McGill Tribune: How does your experience working with SSMU qualify you for the position of president?
Katie Larson: I have been working with SSMU for a very long time now, around three years. The second year I started as VP External of Music Undergraduate Student Association, and so I sat on SSMU legislative council. And then last year, as president [of MUSA], I worked with Maggie and the other student presidents. This year, I’m back as legislative councillor and [VP] internal again, and I’ve put a lot more time into committee work, doing events, steering committee, external affairs, and funding. So it’s been a really good experience. The first time I did the SSMU thing I was working a lot for clubs & services … and then I worked there this summer as one of the culture/project coordinators. So I have a pretty good grasp on how it works day to day and what really goes on and where it is really going.
MT: Based on that experience what would you say the most important role of the president is?

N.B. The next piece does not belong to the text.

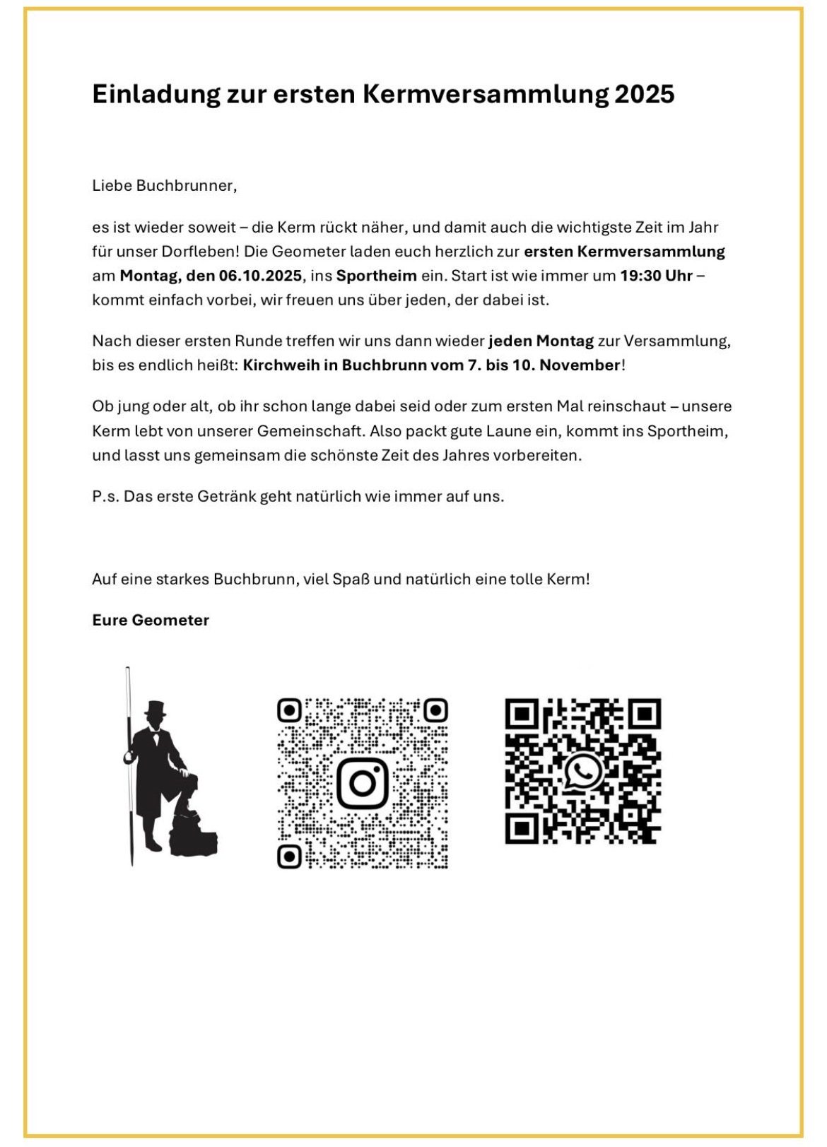 Seid dem 06.10.2025 finden wieder jeden Montag um 19:30 die Offizielle Kirchweihversammlung im Sportheim stat. Wir freuen uns auf euer Zahlreiches erscheinen das wir auch dieses Jahr Gemeinsam wieder eine Tolle Kerm Planen können. Das erste Getränk geht auf uns, also kommt vorbei um alles rund um den Umzug und die Kerm mit uns zu besprechen.

KL: I think the president really needs to not only have a good kind of vision and grounding on what they think SSMU should be doing, but also needs to understand their role and responsibility, not only within SSMU, but also [as a representative of SSMU to the university]. They need to have a good grasp of what’s going on and a good understanding of how to say, “This is the situation,” or “this is what’s going on.
MT: What are your vision and grounding and voice for the SSMU president?
KL: Something that I see [not] as a challenge but as an opportunity as well is to really try to get more face time with students, both with SSMU executives as they’re representing so many different students … [I will] try to have as much of an open door as possible.
I also really want to keep the push going towards collaboration between the student associations, [and] the student groups on campus. Since I’ve been here working in them, I’ve seen it really go from the first year I did it … and since that’s where my background is, I’d like to bring that forward and see how we can get services involved in that.
Within the university, I [also] think that the things that the university should be really looking towards are from the student services perspective. Mental and physical health, [are] always an issue here. [There are] ways to improve that, not necessarily from [only] a budget perspective. I think having to commit to better communication about it or just keeping the website updated; just little things to make sure that everybody knows how to help themselves, even possibly asking each other how to partner or work with other things around the community to increase those services would be interesting.
On the academic side, two things that we have discussed at length with Professor Mendelson, have been advising and course evaluations, that is [deciding] when [course] evaluations [should] happen. [And also] making sure professors are following the rules about the syllabi. We’ve discussed different ways that it could be remedied. I think it’s very feasible; it’s just something that needs to be pushed through the channels, especially at Senate and at academic policy committee. I think that could happen next year.
Within SSMU, I’d really like to review the way that we do student staffing executive positions, because as president I’d be in charge of human resources, [I would be] looking for potentially other sources of funding, whether it be government or provincial grants to come in, to have us increase student staff hours or jobs if we can. And for the executive positions, they need to be more clearly defined in the constitution and bylaws so that the mandates can be clear and people can have more of a way to feel that they’re really empowered by legislation for the job to move forward with it.
MT: Speaking of consultation and engagement, do you have any plans to bolster GA participation, or do you have any plans for the GA now?
KL: It’s absolutely a necessity to have [a GA] when we need it. So for example, last year there was a 1,000 people at a GA because there was a serious issue, which was going on strike or not. So that’s an example [that if] people really want to make a strong decision, the platform needs to be available for it to happen. However, I don’t think that it’s necessarily productive or helpful if we’re just telling people, “Oh, come to the GA. Make a motion because we have to have a GA motion.” There’s not really any substance behind it. It’s not really helping anybody.